TLM-Verpackungsmaschine

Ungebrochen knabbern

Handhabung von Gebäck. Der belgische Backspezialist Destrooper-Olivier suchte für sein preisgekröntes Mandelgebäck eine Verpackungslösung, die neben hoher Effizienz insbesondere die schonende Handhabung des zerbrechlichen Gebäcks gewährleisten sollte. Das Unternehmen entschied sich für eine Lösung von Schubert.

Die Verpackungsmaschine für Destrooper-Olivier realisiert hohe Leistungsfähigkeit in einem kompakten, vorgegebenen Einbauvolumen innerhalb der Produktionsstätte. Gleichzeitig ist die Maschine gut zugänglich. (Bild: Gerhard Schubert)

Luc und seine Frau Christiane Destrooper gründeten den Familienbetrieb Destrooper-Olivier 1989 in Oostkamp, etwa fünf Kilometer südlich von Brügge. Inzwischen hat mit Bert Destrooper die zweite Generation die Firmenleitung übernommen. Neben der Hausmarke „Belgian Butter“ backt das Unternehmen auch für Eigenmarken großer internationaler Kaufhausketten, die die Waffeln und Kekse auf der ganzen Welt in mehr als 60 Ländern vertreiben. Heute produzieren der belgische Backspezialist auf knapp 16.000 Quadratmetern Fläche seine Produkte mit einem modernen Maschinenpark.

Seit November 2016 verpackt die erste Maschine von Gerhard Schubert bei dem Unternehmen das Spitzenprodukt „Almond Thins“ aus der Reihe „Belgian Butter“. Das Mandelgebäck ist quasi der Star unter den Produkten von Destrooper-Olivier, erhielt es doch eine Auszeichnung von ausgewählten Michelin-Chefköchen für seinen hervorragenden Geschmack.

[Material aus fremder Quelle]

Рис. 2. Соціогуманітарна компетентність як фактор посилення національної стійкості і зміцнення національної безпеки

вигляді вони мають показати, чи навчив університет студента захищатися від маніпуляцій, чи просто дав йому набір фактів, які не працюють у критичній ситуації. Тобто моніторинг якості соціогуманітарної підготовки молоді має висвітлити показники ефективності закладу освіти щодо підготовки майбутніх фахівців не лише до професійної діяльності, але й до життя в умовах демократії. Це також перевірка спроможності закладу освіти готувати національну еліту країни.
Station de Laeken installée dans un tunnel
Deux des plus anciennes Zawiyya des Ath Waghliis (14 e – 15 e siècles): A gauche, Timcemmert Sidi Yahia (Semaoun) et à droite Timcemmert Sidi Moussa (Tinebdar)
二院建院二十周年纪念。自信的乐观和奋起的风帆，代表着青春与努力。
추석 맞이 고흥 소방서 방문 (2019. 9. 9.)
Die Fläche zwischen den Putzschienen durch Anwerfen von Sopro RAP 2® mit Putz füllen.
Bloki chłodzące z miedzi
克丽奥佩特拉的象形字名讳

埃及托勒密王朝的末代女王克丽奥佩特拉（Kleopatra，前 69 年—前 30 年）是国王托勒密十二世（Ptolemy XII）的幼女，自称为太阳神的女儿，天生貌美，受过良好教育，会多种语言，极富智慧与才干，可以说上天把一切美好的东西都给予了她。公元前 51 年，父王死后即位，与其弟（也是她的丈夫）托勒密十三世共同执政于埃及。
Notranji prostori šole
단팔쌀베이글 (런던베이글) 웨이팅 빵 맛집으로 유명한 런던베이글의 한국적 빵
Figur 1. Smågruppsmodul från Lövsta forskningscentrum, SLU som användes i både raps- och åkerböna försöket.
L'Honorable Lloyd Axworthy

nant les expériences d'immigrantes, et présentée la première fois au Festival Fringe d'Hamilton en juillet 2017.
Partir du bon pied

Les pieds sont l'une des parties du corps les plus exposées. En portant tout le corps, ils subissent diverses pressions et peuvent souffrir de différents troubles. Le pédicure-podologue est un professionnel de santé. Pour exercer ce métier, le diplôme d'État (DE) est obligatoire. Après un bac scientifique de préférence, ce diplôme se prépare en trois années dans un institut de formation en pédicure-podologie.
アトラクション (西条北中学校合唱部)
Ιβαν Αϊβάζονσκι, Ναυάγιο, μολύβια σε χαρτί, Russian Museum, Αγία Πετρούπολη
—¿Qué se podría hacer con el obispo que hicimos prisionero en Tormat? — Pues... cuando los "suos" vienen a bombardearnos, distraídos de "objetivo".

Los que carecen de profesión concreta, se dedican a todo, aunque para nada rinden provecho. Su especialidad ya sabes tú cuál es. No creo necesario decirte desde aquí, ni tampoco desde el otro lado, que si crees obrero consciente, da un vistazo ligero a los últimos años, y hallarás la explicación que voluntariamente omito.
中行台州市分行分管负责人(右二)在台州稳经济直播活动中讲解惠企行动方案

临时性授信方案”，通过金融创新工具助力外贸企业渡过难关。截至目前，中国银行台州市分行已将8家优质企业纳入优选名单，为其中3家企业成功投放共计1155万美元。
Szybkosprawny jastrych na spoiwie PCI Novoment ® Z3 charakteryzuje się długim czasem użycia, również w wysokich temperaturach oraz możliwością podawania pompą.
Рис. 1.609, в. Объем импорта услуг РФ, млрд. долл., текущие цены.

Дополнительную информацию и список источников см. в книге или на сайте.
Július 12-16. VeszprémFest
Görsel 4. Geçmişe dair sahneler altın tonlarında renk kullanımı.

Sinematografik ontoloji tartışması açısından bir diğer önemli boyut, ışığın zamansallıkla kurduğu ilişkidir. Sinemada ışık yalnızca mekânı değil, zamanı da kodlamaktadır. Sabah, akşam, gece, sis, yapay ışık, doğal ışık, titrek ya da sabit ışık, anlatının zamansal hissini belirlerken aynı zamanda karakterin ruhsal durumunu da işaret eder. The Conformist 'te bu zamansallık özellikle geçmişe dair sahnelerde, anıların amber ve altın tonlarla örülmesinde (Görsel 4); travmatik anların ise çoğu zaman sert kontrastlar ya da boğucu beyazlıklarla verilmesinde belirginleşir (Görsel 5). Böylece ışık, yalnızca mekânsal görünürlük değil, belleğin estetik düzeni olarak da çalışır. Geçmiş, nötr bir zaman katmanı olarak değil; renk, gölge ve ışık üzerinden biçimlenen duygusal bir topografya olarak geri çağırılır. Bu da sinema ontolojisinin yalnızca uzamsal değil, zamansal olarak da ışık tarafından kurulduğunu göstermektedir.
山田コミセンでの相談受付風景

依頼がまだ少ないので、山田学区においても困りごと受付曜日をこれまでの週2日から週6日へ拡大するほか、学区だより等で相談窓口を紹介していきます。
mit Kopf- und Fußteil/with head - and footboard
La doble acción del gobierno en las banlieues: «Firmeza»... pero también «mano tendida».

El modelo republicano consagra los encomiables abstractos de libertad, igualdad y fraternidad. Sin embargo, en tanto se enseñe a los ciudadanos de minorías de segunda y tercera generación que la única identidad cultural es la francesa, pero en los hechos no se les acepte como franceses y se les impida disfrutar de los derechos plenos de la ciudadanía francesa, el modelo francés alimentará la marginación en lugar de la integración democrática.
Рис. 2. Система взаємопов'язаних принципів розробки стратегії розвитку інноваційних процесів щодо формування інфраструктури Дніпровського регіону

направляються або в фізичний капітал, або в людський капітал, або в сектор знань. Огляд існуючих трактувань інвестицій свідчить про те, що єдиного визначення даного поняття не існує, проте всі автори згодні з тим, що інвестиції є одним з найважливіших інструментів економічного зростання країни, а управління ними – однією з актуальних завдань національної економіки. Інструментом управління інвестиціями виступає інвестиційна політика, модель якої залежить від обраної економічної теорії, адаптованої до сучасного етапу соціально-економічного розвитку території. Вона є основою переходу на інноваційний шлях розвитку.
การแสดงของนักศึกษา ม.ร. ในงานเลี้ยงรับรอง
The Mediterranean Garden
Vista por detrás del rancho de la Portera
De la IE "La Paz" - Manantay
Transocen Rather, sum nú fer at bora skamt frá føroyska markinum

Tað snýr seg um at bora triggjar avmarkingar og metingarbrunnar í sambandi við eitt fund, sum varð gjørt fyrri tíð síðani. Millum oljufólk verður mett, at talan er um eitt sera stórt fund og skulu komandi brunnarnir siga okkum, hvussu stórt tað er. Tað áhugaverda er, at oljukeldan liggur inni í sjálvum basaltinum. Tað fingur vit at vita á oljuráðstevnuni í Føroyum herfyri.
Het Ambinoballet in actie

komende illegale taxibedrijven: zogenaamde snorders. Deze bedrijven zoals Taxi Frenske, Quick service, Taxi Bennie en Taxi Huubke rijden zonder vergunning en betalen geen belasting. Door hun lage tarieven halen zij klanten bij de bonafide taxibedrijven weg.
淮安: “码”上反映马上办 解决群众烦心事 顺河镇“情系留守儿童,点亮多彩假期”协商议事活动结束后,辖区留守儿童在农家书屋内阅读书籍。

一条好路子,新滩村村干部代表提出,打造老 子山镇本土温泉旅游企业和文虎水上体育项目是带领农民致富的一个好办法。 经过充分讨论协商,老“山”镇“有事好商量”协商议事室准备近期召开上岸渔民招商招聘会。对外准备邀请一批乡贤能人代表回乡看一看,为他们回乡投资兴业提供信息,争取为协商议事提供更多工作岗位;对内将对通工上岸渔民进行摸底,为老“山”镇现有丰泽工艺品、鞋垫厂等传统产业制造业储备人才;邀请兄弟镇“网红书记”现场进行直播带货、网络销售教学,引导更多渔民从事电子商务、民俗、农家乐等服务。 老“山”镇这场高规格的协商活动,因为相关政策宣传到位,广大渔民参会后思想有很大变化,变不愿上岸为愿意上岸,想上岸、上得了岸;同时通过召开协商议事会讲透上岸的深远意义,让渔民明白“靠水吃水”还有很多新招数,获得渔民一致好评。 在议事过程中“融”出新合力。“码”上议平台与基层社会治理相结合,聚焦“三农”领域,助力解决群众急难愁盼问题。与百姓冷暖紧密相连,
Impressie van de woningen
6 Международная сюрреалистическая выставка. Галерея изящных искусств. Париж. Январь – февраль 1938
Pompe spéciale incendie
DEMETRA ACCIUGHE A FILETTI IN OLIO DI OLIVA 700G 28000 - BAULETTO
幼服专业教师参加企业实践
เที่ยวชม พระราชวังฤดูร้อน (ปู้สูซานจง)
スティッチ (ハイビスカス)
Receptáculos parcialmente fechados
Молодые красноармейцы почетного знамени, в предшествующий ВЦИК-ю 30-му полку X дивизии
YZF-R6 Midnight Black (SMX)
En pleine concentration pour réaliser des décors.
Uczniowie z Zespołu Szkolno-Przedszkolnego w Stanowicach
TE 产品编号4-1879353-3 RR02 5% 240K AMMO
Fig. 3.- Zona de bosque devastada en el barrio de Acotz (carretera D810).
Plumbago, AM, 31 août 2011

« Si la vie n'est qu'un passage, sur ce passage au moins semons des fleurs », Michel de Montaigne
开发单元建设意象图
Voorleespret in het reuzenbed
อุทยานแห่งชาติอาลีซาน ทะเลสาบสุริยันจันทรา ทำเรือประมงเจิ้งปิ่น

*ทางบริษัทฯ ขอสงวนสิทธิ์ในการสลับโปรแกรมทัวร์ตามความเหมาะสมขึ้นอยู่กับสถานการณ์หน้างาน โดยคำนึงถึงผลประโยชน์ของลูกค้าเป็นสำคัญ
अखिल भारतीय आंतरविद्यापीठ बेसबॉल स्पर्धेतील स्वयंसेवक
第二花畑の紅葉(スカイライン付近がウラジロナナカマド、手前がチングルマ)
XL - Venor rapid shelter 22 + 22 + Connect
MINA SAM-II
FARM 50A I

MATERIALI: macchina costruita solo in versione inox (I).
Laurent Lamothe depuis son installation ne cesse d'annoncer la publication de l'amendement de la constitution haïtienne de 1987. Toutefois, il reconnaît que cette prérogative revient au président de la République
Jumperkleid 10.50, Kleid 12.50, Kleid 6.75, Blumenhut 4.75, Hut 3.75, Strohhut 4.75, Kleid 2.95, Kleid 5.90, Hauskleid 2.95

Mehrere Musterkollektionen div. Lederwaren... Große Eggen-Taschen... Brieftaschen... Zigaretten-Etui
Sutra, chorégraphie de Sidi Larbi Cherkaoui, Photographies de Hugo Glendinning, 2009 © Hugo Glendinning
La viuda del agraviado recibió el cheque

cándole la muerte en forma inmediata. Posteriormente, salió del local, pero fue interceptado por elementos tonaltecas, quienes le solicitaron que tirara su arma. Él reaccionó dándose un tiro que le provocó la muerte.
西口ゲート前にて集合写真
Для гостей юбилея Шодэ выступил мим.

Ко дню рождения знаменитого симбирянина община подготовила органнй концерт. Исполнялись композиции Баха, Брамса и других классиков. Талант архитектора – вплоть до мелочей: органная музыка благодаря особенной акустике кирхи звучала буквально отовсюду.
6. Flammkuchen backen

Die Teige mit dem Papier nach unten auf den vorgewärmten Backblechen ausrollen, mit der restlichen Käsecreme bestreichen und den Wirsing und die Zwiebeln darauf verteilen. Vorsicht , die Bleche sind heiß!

Georg Koutsogiannis, zuständig für den Vertrieb in den Benelux-Staaten, hatte den Kontakt zu Destrooper-Olivier im Rahmen der Prosweets 2016 in Köln hergestellt. Innerhalb von zwei Wochen konnte er den Neukunden mit einem Konzept überzeugen. Mit dem ersten Auftrag formulierte die Feinbäckerei aus Oostkamp mehrere komplexe Aufgabenstellungen für den Verpackungsmaschinenspezialisten aus Crailsheim. Denn bei „Almond Thins“ handelt es sich um hauchdünne Butterkekse mit eingelegten Mandelplättchen. Dieses Gebäck ist extrem empfindlich und erfordert eine entsprechend anspruchsvolle Handhabung.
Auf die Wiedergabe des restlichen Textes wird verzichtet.